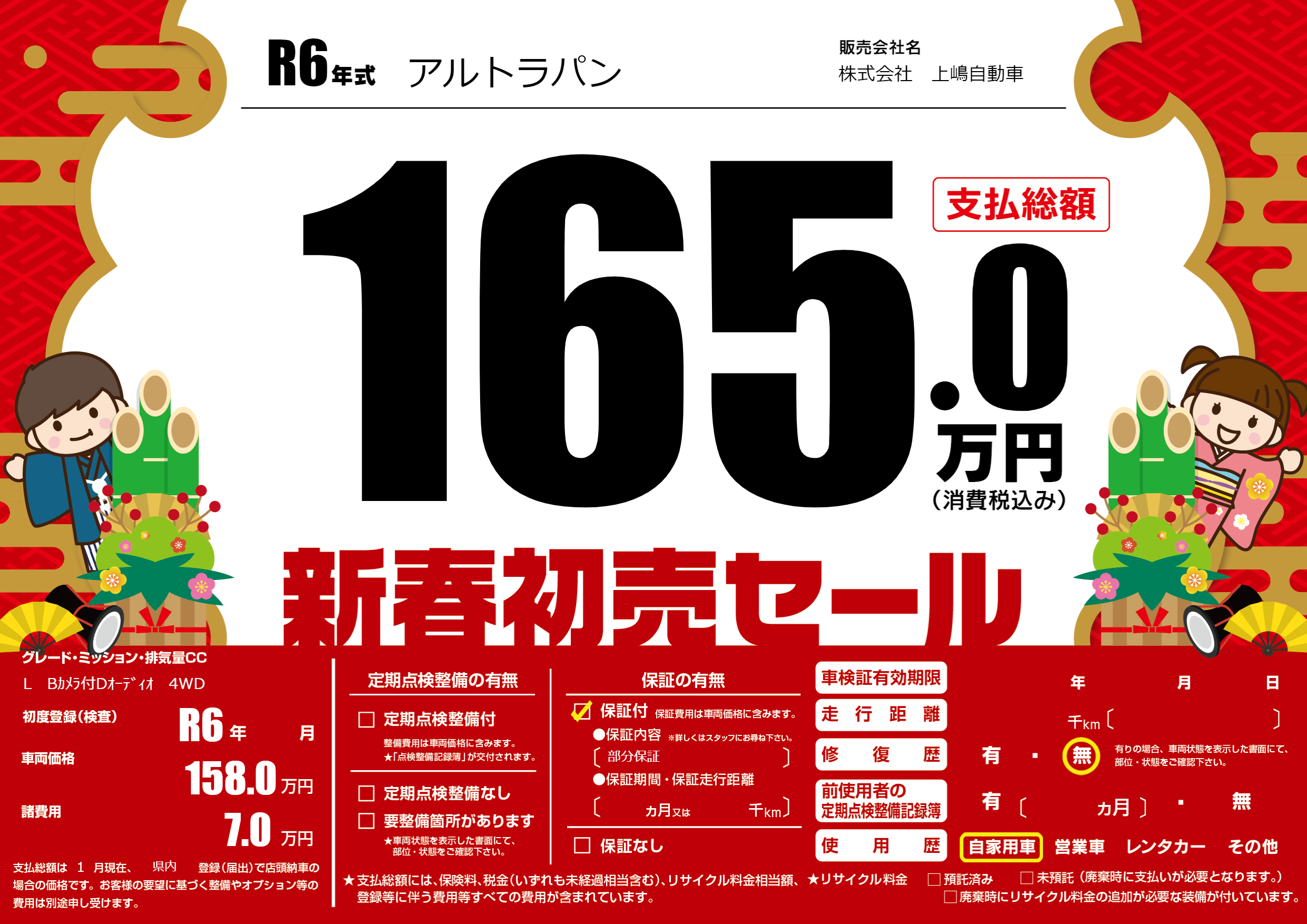 保証付き 保証内容(部分保証) ---ヶ月または()千kmまで |
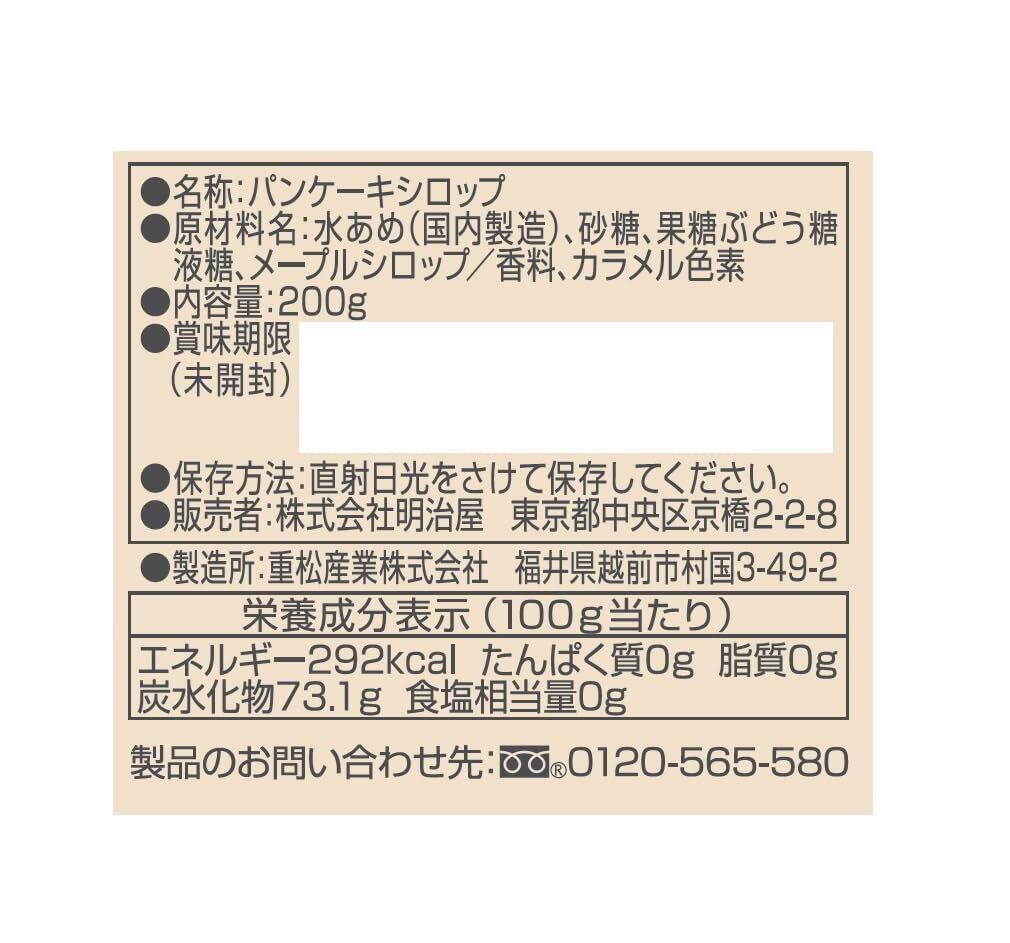 水あめ(国内製造)、砂糖、果糖ぶどう糖液糖、メープルシロップ/香料、カラメル色素
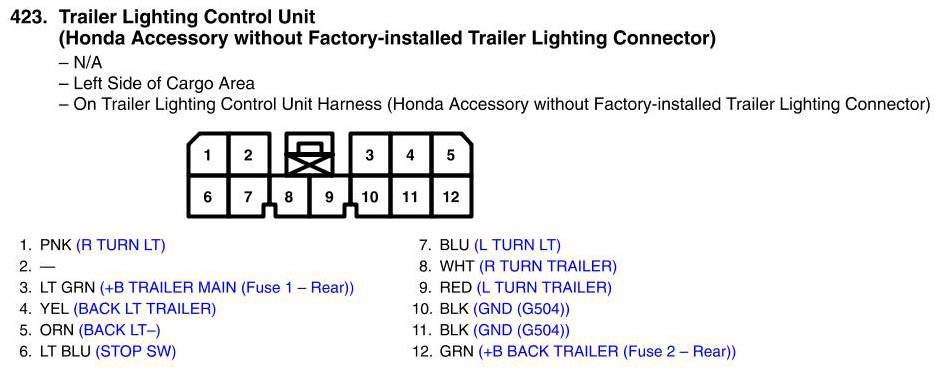 Trailer Lighting Control Unit Connector View (Honda Accessory Without Factory-Installed Trailer Lighting Connector)
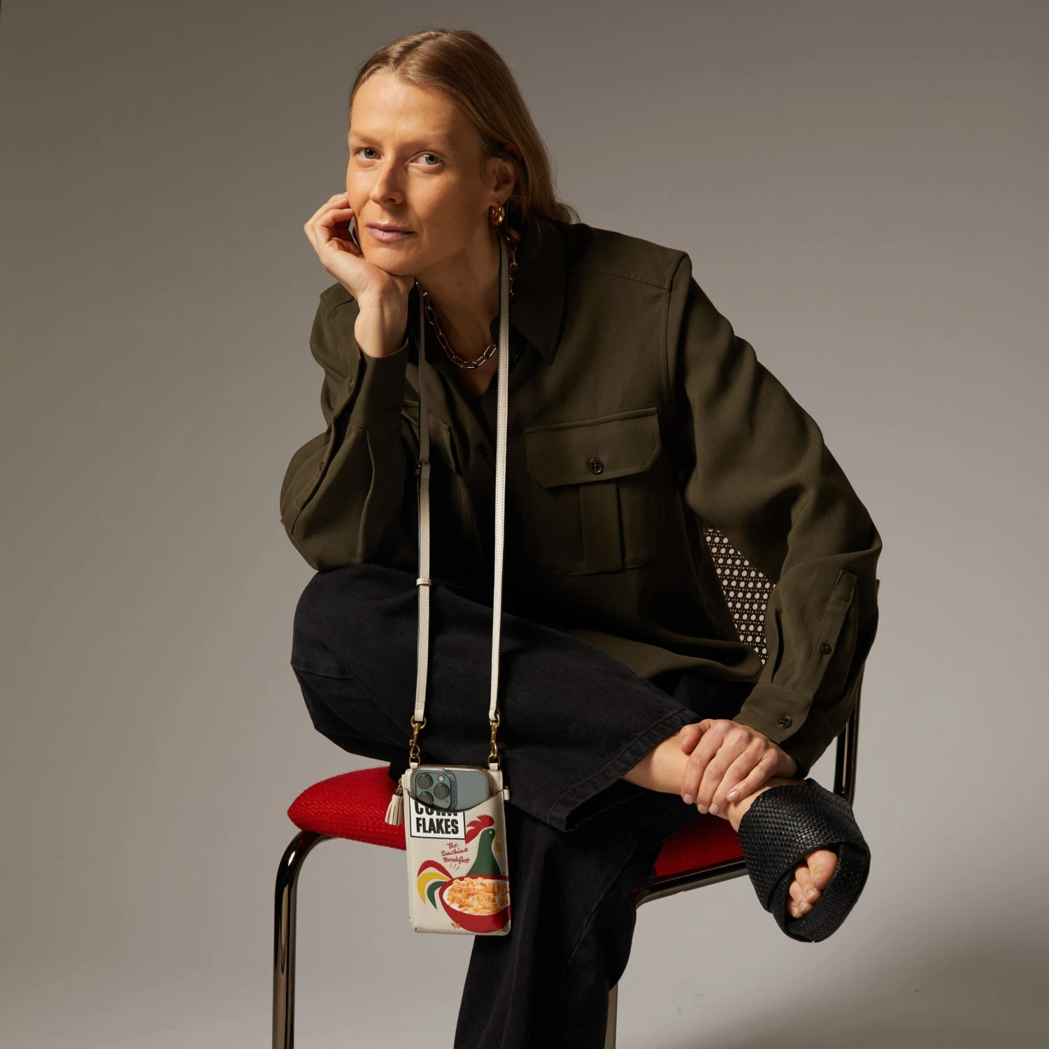 You know what they say: breakfast is the most important meal of the day. And we’ve taken that motto to heart with our latest range of phone pouches. Crafted from colourful capra leather, our cross-body Anya Brands bag is adorned with appliqués that recreate the instantly recognisable branding of Kellogg’s Corn Flakes – we won’t mind if you slip your smartphone into its slimline silhouette and take it out for a coffee and croissant instead, though.

▶ _Exercise details_
Please leave the images out and retype the rest of the material exactly.

▶ _Problem solution_
 保証付き 保証内容(部分保証) ---ヶ月または()千kmまで |
 水あめ(国内製造)、砂糖、果糖ぶどう糖液糖、メープルシロップ/香料、カラメル色素
 Trailer Lighting Control Unit Connector View (Honda Accessory Without Factory-Installed Trailer Lighting Connector)
 You know what they say: breakfast is the most important meal of the day. And we’ve taken that motto to heart with our latest range of phone pouches. Crafted from colourful capra leather, our cross-body Anya Brands bag is adorned with appliqués that recreate the instantly recognisable branding of Kellogg’s Corn Flakes – we won’t mind if you slip your smartphone into its slimline silhouette and take it out for a coffee and croissant instead, though.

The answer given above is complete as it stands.